Reply to this email directly, view it on GitHub
<#30 (comment)>,
or unsubscribe
<https://github.com/notifications/unsubscribe-auth/AAI75TUKSMN6UBDKP5I7OB3RMNNJRANCNFSM4MGISRGQ>
.
|
Okay, I pushed a change for that test and now all the Reach tests are passing. |
I confirm that tests pass. I'll release next. |
Bioresources has been released, and the reach branch was merged in master. |
This PR makes several changes to the NER-Grounding-Override.tsv:
(I also added a one-off script to help find these cases automatically).

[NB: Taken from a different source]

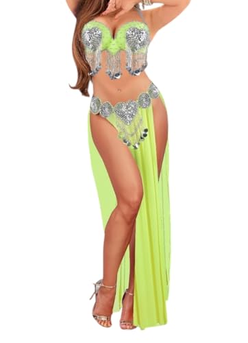generic - بدلة رقص شرقي للنساء من قطعتين مقاس يناسب جميع الالوان بلون ليموني مع خرز مصنوع يدويا بلون فضي، مقاس واحد

The PR also updates bio_process.tsv and GO-subcellular-locations.tsv to replace deprecated GO IDs with current ones. (Note that I have been planning to implement a script to fully update these resource files from GO, not just replace the outdated IDs in the old file but this is a good first step for the next release).
@MihaiSurdeanu if you see any surprising effects on the Reach tests you have been updating, let me know.